2821bis doesn't use "LDH-label" at all; it uses 

   sub-domain     = Let-dig [Ldh-str]
   Let-dig        = ALPHA / DIGIT
   Ldh-str        = *( ALPHA / DIGIT / "-" ) Let-dig

It also uses Ldh-str as the RHS of "Standardized-tag", which has
nothing to do with the DNS.   RFC3490 uses "LDH code points" and
notes the source of "LDH" as a string, but does not talk about
"LDH labels".

<ldh-str> is, by the way, present in RFC 821, so that
terminology, but not "LDH-label", has been with us for a very
long time.

To the best of my knowledge "LDH-label" is used only in IDNA2008
and discussions referring to it.   While I grant that this is
not ideal, "no chance" and "hopelessly confusing" are hyperbole
unless you believe that any string that contains "LDH" must be a
reference to a label conforming to the traditional LDH
("hostname") rule.  Indeed, I suggest that your repeated efforts
to turn A-label back into a subset of LDH-label are part of what
is causing the confusion you cite.

> Whatever else "xn--0zwm56d" might be, it IS an LDH-label, it
> does work in hostnames for IETF protocols expecting hostnames.

Again, I would welcome a different term, although I would also
welcome comments from others, especially Tina and Cary, as to
whether "LDH-label" has become sufficiently entrenched using the
IDNA200X/IDNA2008 definition, that trying to retire it would
create excessive confusion.

Perhaps we could try "traditional label"?

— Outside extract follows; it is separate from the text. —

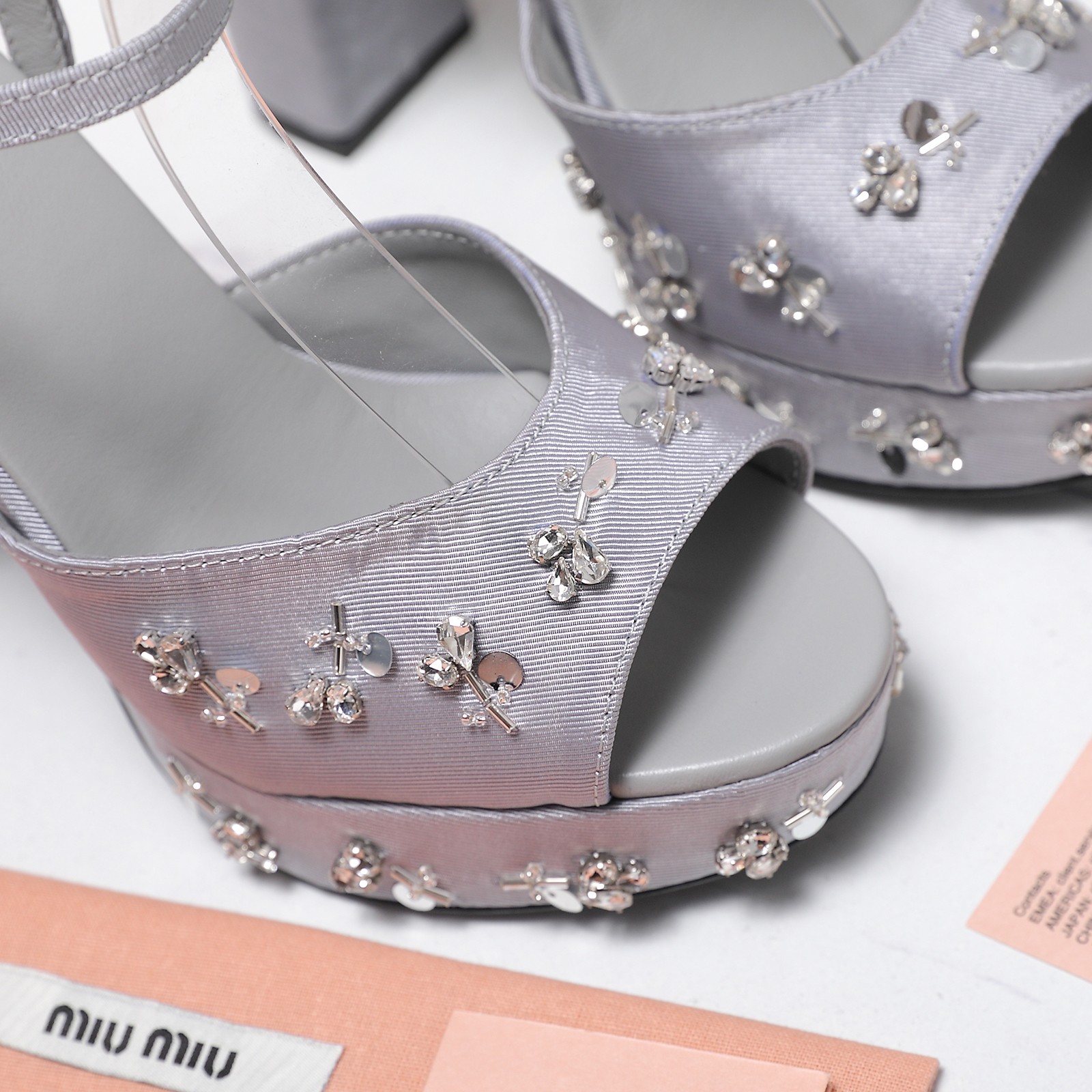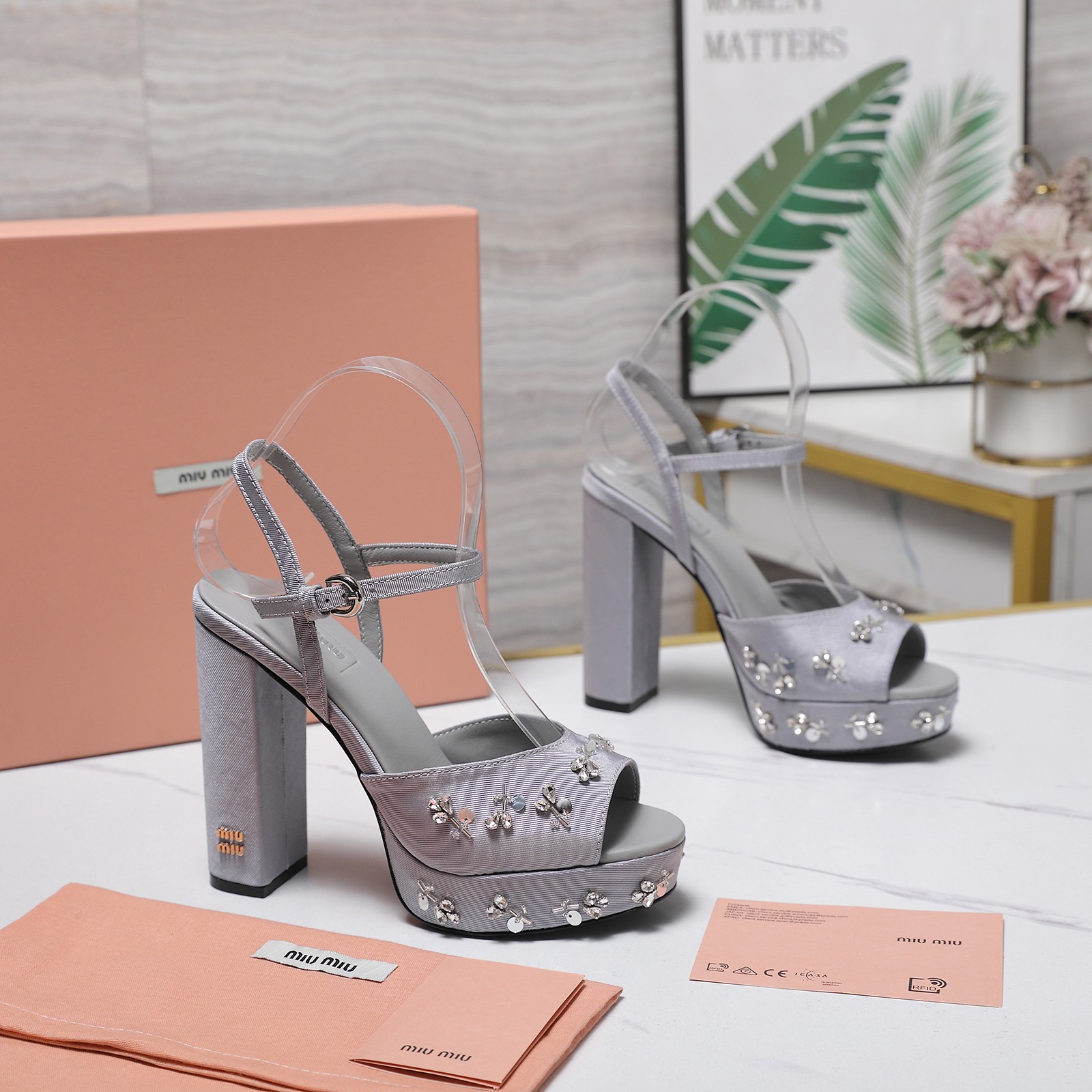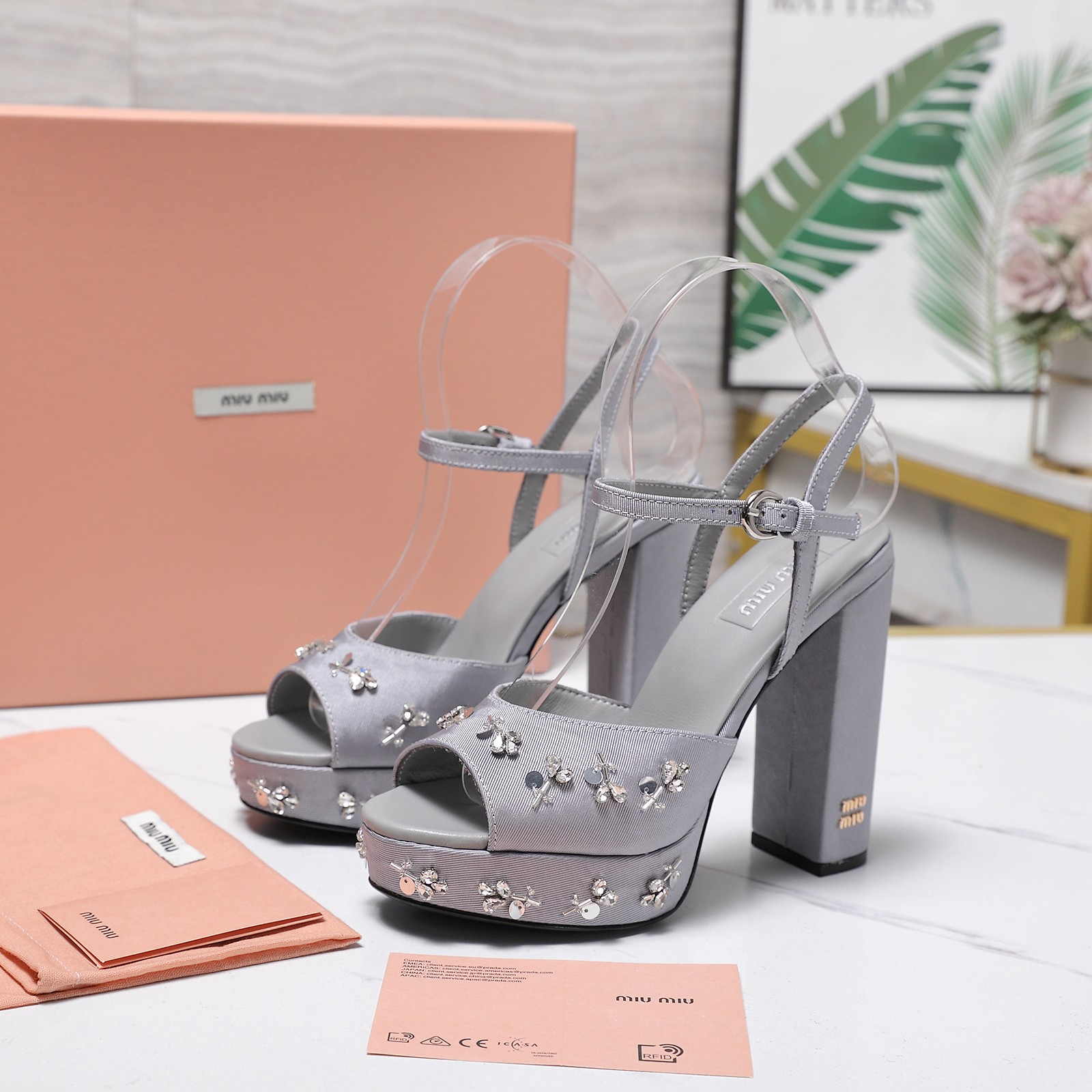 这款鞋子是AAAAA 1:1 质量 (非常棒). 使用了和原版一模一样的材料. 商标部分也保持了和缪缪/Miu Miu一样. 图片拍摄是实物鞋子拍摄, 您所收到的实物保证和我们图片一模一样.

>> if LDH-label is to include both A-labels and traditional 
>> ASCII labels (i.e., labels that do not start in "xn--"),
> 
> ...and maybe <xn-label>s which are no A-label under IDNAbis...

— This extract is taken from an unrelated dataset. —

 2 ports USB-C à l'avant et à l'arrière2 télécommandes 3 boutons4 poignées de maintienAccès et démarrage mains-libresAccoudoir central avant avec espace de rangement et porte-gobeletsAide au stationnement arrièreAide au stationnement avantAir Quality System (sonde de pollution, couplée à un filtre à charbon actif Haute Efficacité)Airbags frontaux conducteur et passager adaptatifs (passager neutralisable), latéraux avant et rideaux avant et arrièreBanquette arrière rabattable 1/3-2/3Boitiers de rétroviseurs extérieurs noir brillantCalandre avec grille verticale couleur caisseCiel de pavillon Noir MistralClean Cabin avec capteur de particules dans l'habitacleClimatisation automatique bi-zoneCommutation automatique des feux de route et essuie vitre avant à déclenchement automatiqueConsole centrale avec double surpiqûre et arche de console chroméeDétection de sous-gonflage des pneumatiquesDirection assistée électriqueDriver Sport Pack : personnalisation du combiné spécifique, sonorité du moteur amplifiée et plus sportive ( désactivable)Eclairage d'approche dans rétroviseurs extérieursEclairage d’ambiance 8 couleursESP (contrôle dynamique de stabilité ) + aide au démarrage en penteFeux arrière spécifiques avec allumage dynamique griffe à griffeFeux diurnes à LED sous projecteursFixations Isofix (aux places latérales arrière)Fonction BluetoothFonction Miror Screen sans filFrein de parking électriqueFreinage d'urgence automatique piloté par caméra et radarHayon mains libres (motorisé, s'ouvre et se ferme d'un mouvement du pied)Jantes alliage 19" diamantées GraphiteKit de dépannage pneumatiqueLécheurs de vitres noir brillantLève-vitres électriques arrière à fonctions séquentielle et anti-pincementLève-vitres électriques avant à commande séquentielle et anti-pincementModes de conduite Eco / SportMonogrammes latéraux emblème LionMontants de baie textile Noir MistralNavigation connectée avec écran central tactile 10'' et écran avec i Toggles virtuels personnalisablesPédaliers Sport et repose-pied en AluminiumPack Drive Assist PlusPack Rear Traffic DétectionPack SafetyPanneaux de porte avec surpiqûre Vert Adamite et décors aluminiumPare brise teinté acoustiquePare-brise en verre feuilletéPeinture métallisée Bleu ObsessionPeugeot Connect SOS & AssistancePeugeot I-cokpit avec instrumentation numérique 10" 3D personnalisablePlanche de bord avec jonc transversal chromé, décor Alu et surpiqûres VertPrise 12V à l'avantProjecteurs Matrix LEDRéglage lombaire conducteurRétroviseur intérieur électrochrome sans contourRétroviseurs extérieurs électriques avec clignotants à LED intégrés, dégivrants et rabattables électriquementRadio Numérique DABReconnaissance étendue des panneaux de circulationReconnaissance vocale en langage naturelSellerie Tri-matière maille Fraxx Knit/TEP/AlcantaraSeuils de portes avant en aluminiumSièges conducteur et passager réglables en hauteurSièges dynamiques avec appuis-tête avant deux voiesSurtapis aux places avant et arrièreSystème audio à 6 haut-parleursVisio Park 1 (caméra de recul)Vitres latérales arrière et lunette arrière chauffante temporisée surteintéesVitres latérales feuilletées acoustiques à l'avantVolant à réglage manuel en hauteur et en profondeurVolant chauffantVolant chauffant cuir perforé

I hope not.  As explained earlier, I think that leads us into
other trouble.  It was precisely an attempt to make that
terminology clear than led to the attempt, in earlier versions
of Rationale, to prohibit "--" entirely in the third and fourth
positions.  Perhaps the right way out of that problem would be
to define:

  DNS-label-in-Class-IN = LDH-label-or-some-other-term / 
      A-label / binary-label / SRV-label /
      special-form-including-double-hyphen-in-3-and-4 /
      special-forms-as-yet-undefined

and then insert an explicit note that only the first two are
used in IDNA2008 and that other protocols and definitions may
make fewer, or different, decisions.

>> then we need a term for an LDH label that is not an A-label.
> 
> What for ?  We need <top-label> and likely <xn--label>. 

Based on earlier discussion, I believe you are the only one who
believes that <top-label> is a protocol matter at all.  It
certainly is not a definitional requirement.   <xn--label>,
either as a piece of syntax or as a term we intend to introduce
into popular usage, immediately leads us into having to discuss
"valid" and "invalid" ones, and ambiguity as to what the term by
itself means, as described earlier.

> But
> other LDH-labels not starting with "xn--" are irrelevant for
> the IDNAbis purposes.  

Unless they are needed as part of a definitional mechanism --a
vocabulary for talking about IDNs-- that does not have any
affect on other protocols or purposes.  I note that, as implied
by the syntax example above, binary labels and all-ASCII labels
that do not conform to the LDH rules are no more or less
irrelevant to IDNA.

> LDH-labels are by definition no U-label, if U-label requires
> at least one non-ASCII character.  And that is the case, for
> a simple disambiguation from A-label.  Therefore the rest of
> the LDH-labels cannot affect us - there are more than enough
> RFCs talking about them.
> 
> We also have no compelling reasons to talk about LDH-labels
> with "--" at positions 3+4 of the label.  Therefore in the
> spirit of KISS simply don't talk about it.  Only "xn--" is
> what we are interested in wrt <ldh-label> and <top-label>.

Unless it is needed to clarify the terminology, I agree.  You
will note that the discussion of "--" in positions 3 and 4 was
removed from rationale-01, so, unless someone wants to object,
that is no longer an issue, at least in the context of a
prohibition on non-IDNA-aware uses of the DNS.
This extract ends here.